ELIXIR AI PROTEOMICS

Advancing proteomics through AI and high-performance computing

ELIXIR AI PROTEOMICS aims to leverage the European high-performance computing (HPC) resources to pioneer innovative AI-driven methodologies for analysing mass spectrometry (MS) proteomics data. The aim is to set a new standard in proteome data analysis. The project aims to both enhance the scientific understanding of complex biological data and promote the widespread adoption of these technologies among life scientists. The project has three main objectives:

  1.  Establish an AI-driven HPC framework for MS proteomics

Using advanced AI algorithms and GPU computing, project aims to enhance the interpretation of large-scale MS proteomics data and develop open-source tools for their utilisation. Project will focus on creating and optimising algorithms that can efficiently process and analyse the massive datasets using the computational resources of EuroHPC.

      2. Assess the HPC framework on different types of biological samples

The project will conduct a series of evaluation studies using gold-standard spike-in MS proteomics data, and data from diverse types of biological samples. As part of the EMBL-EBI collaboration, it will utilise a ELIXIR proteomics Core Data Resouce, the PRIDE Archive. The project will also promote the use of global data standards to ensure FAIRness of data and research.

      3. Utilise the HPC framework to discover new biomarkers for type 1 diabetes

The project will analyse data from human serum and plasma samples to identify new candidate protein markers that correlate with the progression of Type 1 Diabetes (T1D). In addition, the project will cross-reference findings with publicly available data from the PRIDE Archive to validate the specificity of the markers when compared to healthy individuals and those with other autoimmune diseases or metabolic disorders.
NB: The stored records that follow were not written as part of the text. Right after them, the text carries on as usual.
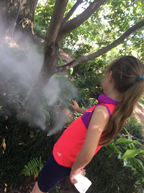 • Misting placed high in trees for a fogging effect emanating from the tree. To accomplish this look, a tree of medium height say around 35 feet can have 5 to 10 mist nozzles placed into its canopy creating a magical fog. With addition of low voltage lighting and a timer the effect could be very dramatic and quite the crowd pleaser at parties and other functions.
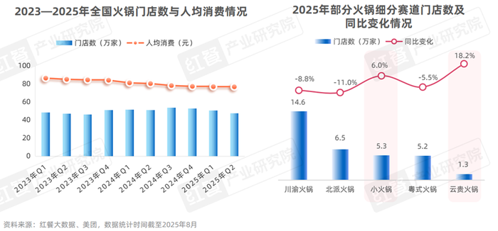 与此同时,在性价比消费需求增长的趋势下,火锅人均消费持续下滑。红餐大数据显示,截至2025年8月,全国火锅门店人均消费已降至76.7元,较2023年第一季度(86.5元)下降了11.3%。
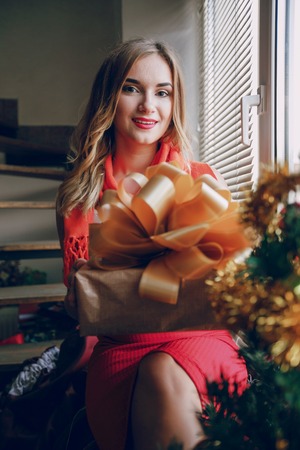 happy girl with gift box. beautiful young woman, stay near the window and christmas tree. winter home lifestyle. Happy New Year
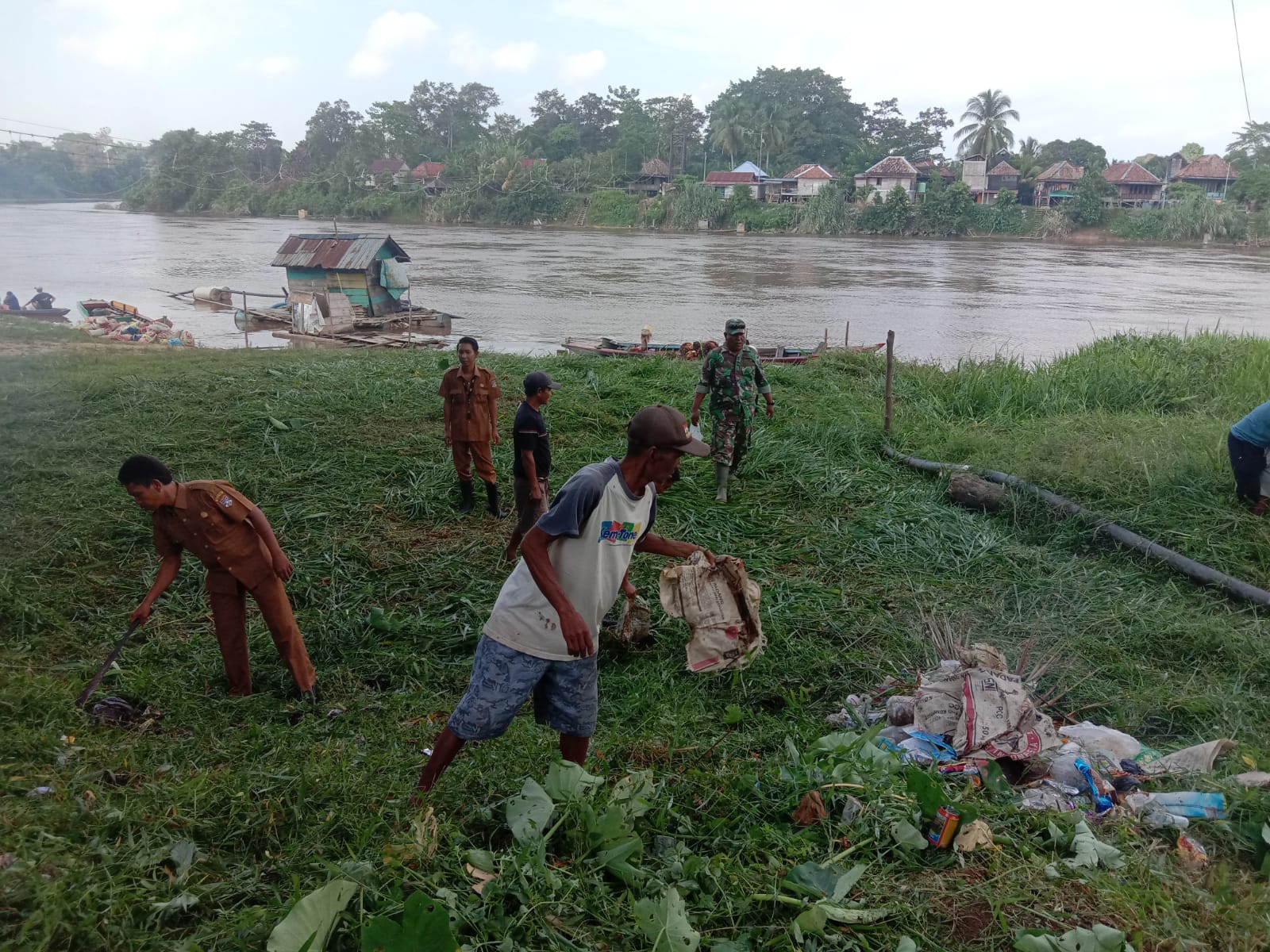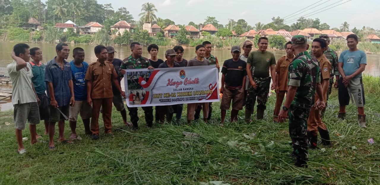 Lensa Garuda. Musi Rawas Utara – Pembersihan dibantaran Sungai Desa Tanjung Raja Kecamatan Rawas Ilir Kabupaten Musi Rawas Utara yang di Pimpin langsung oleh Danramil 406-02/Rawas Ilir Kapten Czi Epi Sugiharto merupakan rangkaian kegiatan peringatan HUT Korem ke-42. Pada Selasa, (13/06/2023).

In collaboration with the University of Turku, through this project CSC plays a key role in advancing high-performance computing (LUMI). A key practical implementation is integrating proteomics datasets from EMBL-EBI (the ELIXIR EMBL node) into HPC environments, enabling more efficient data processing and analysis. The project has significant potential impact on improving human health by facilitating efficient analysis and re-analysis of proteomics data and their integration with other digital health data. The open and FAIR data policy enables new opportunities and supports digital transition in biomedicine. The project drives educational impact by spreading supercomputing know-how and influences international developments via collaborations.

This project has received funding from the Research Council of Finland​​​​​​​ under funding decision No 364899.